Atomgespräche mit Iran

Die letzte Chance für die Diplomatie

Ein weiteres Mal sucht der Westen in den Atomgesprächen eine friedliche Lösung im Atomstreit mit dem Iran - es könnte das letzte Mal sein. Scheitern die Gespräche erneut, könnte das die Weichen für einen Krieg stellen.

Ajatollah Ali Chamenei hat in der Atompolitik laut Verfassung das letzte Wort. Doch der oberste Führer schließt einen Kompromiss aus. dpa

Ajatollah Ali Chamenei hat in der Atompolitik laut Verfassung das letzte Wort. Doch der oberste Führer schließt einen Kompromiss aus.

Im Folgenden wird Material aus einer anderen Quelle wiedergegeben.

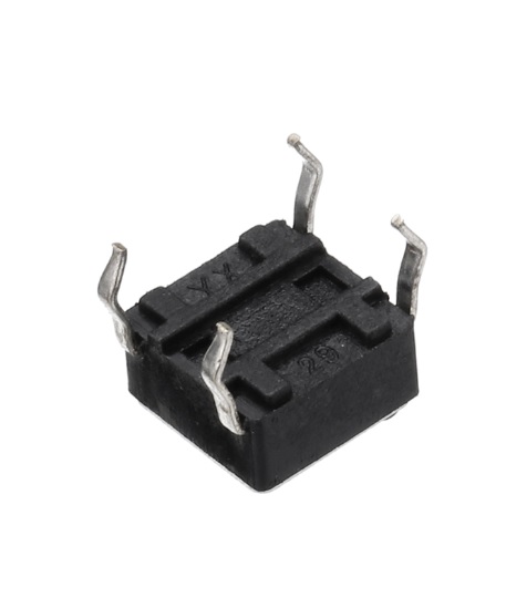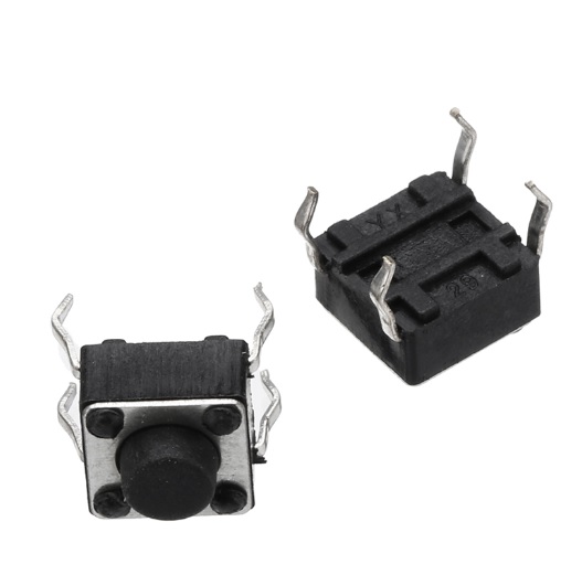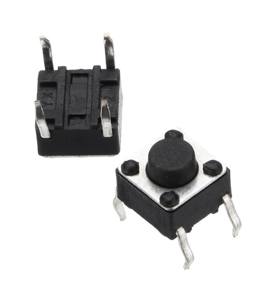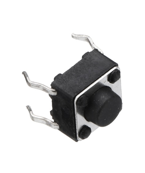 6x6x5mm Tactile Push Button Switch is widely used as a standard input “buttons” on electronic projects. These work best when you mount it on PCB but can also be used on a solderless breadboard for temporary connections in prototypes. The pins are normally open (disconnected) and when the button is pressed they are momentarily closed and complete the circuit.

Istanbul/TeheranVor der Wiederaufnahme der Gespräche über das umstrittene iranische Atomprogramm am Samstag in Istanbul gibt es wenig Anzeichen für einen Durchbruch. Ein erneutes Scheitern der Verhandlungen zwischen der 5+1-Gruppe - den UN-Vetomächten China, Frankreich, Großbritannien, Russland, USA sowie Deutschland - und dem Iran könnte aber gravierende Konsequenzen haben, bis hin zu einem militärischen Konflikt. „Istanbul ist in der Tat die letzte Chance für Diplomatie, denn der Westen wird sich nach fast zehn Jahren nicht mehr auf weitere nutzlose Verhandlungen einlassen“, sagte ein ausländischer Diplomat in Teheran.

Der Iran will eine internationale Anerkennung eines zivilen Atomprogramms und eine Aufhebung der Sanktionen erreichen, was der Westen bisher abgelehnt hat. Hauptforderung der Weltmächte war die Einstellung der Urananreicherung im Iran, zumindest bis alle Zweifel mit Blick auf ein befürchtetes geheimes Waffenprogramm zum Bau einer Atombombe ausgeräumt und eine friedliche Nutzung der Atomanlagen bewiesen ist.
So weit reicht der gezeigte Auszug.